Exercise details
All entries below must be retyped exactly, though pictures are to be skipped.

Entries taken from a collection
= = = = =

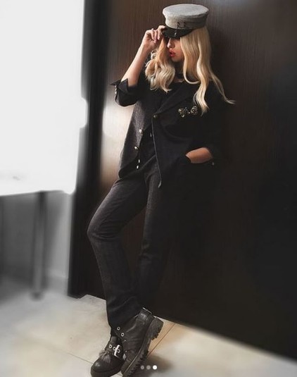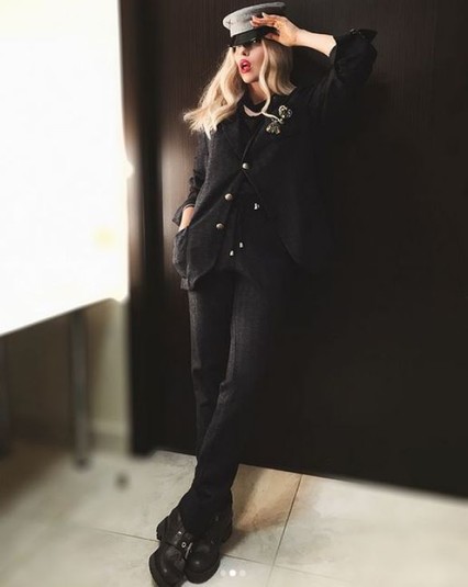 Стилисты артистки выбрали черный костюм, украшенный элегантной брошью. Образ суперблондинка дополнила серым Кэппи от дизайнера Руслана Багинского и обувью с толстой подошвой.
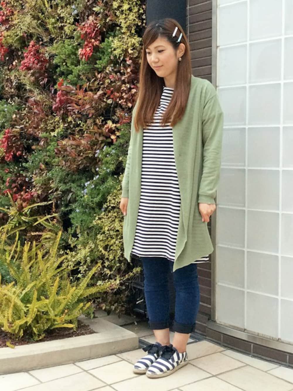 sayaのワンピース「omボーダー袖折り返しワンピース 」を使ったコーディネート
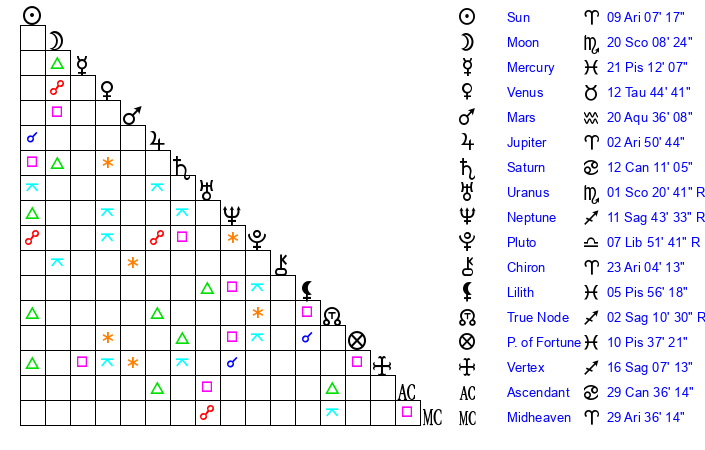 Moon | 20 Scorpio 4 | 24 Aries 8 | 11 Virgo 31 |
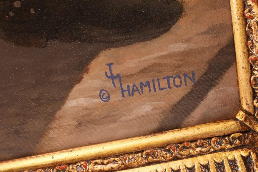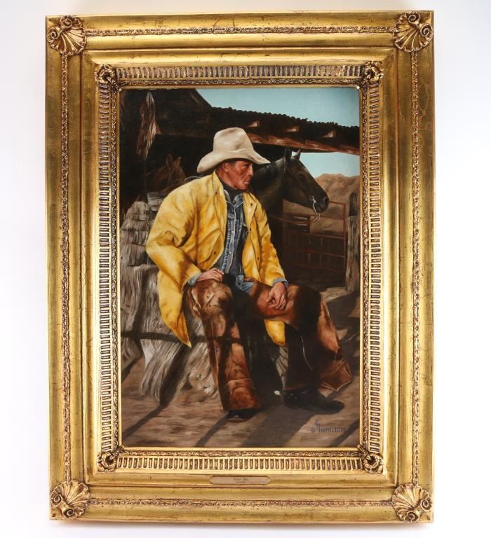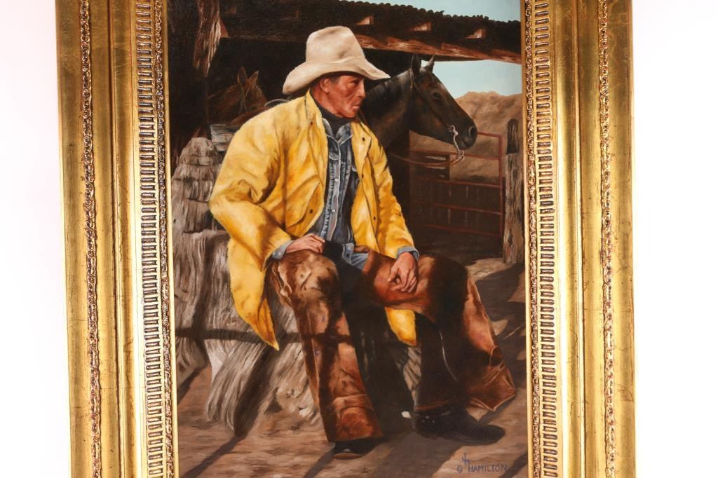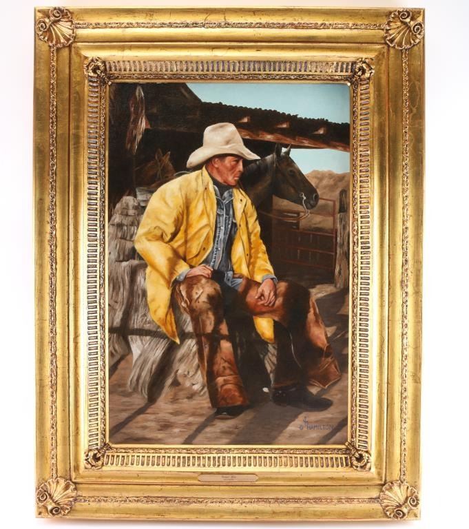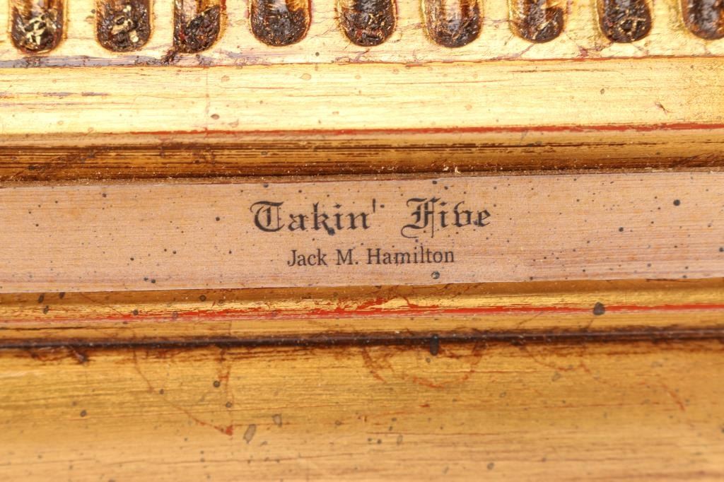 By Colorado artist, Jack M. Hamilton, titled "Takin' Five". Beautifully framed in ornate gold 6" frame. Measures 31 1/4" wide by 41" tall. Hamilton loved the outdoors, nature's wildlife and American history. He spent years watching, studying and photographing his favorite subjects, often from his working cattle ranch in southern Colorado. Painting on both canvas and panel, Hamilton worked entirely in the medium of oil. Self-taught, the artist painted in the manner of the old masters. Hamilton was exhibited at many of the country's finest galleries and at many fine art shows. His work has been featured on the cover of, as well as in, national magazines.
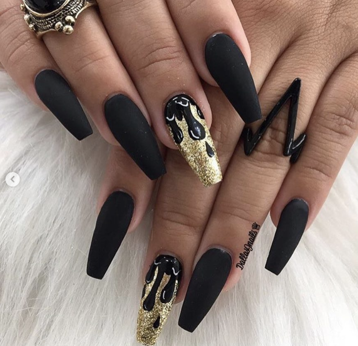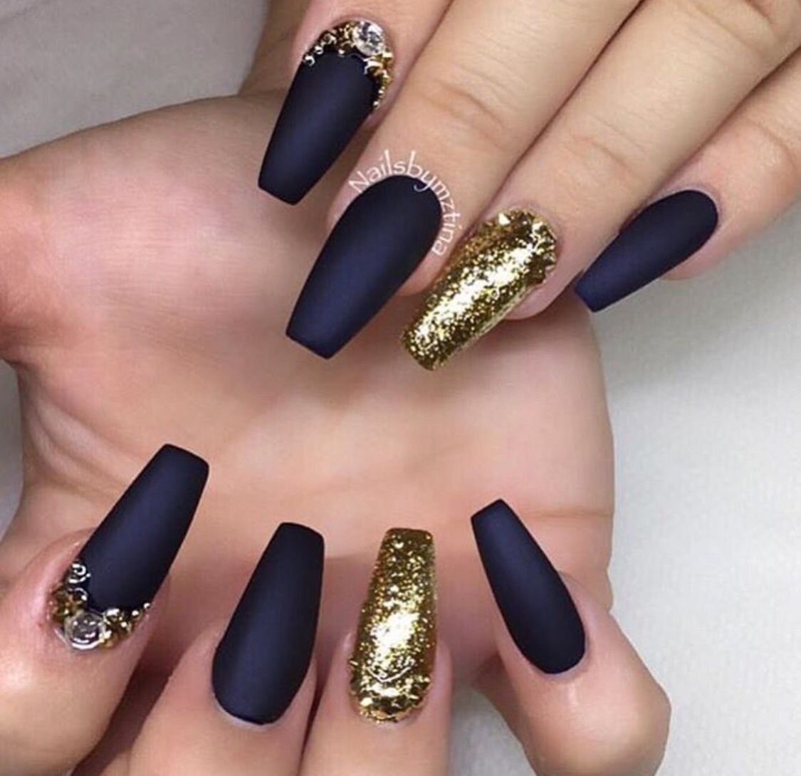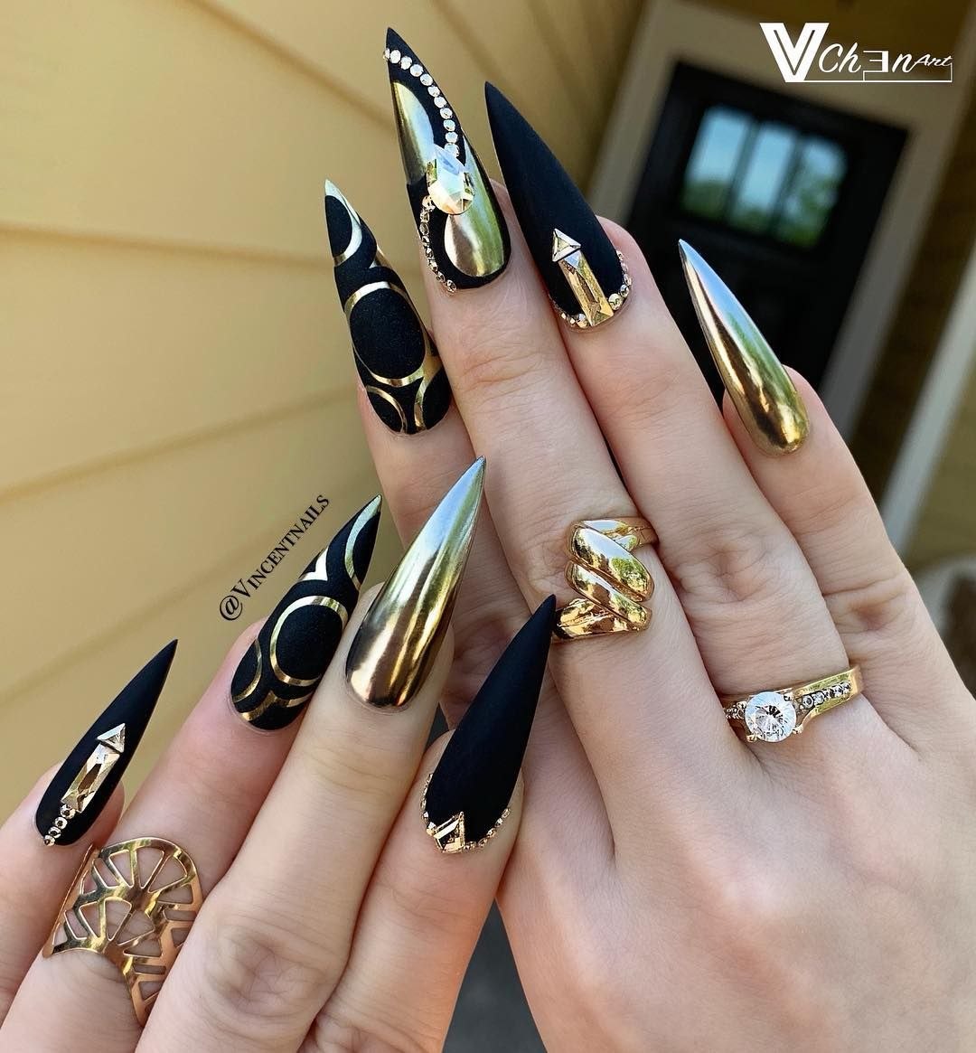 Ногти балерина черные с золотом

= = = = =

Response to this exercise
 Стилисты артистки выбрали черный костюм, украшенный элегантной брошью. Образ суперблондинка дополнила серым Кэппи от дизайнера Руслана Багинского и обувью с толстой подошвой.
 sayaのワンピース「omボーダー袖折り返しワンピース 」を使ったコーディネート
 Moon | 20 Scorpio 4 | 24 Aries 8 | 11 Virgo 31 |
 By Colorado artist, Jack M. Hamilton, titled "Takin' Five". Beautifully framed in ornate gold 6" frame. Measures 31 1/4" wide by 41" tall. Hamilton loved the outdoors, nature's wildlife and American history. He spent years watching, studying and photographing his favorite subjects, often from his working cattle ranch in southern Colorado. Painting on both canvas and panel, Hamilton worked entirely in the medium of oil. Self-taught, the artist painted in the manner of the old masters. Hamilton was exhibited at many of the country's finest galleries and at many fine art shows. His work has been featured on the cover of, as well as in, national magazines.
 Ногти балерина черные с золотом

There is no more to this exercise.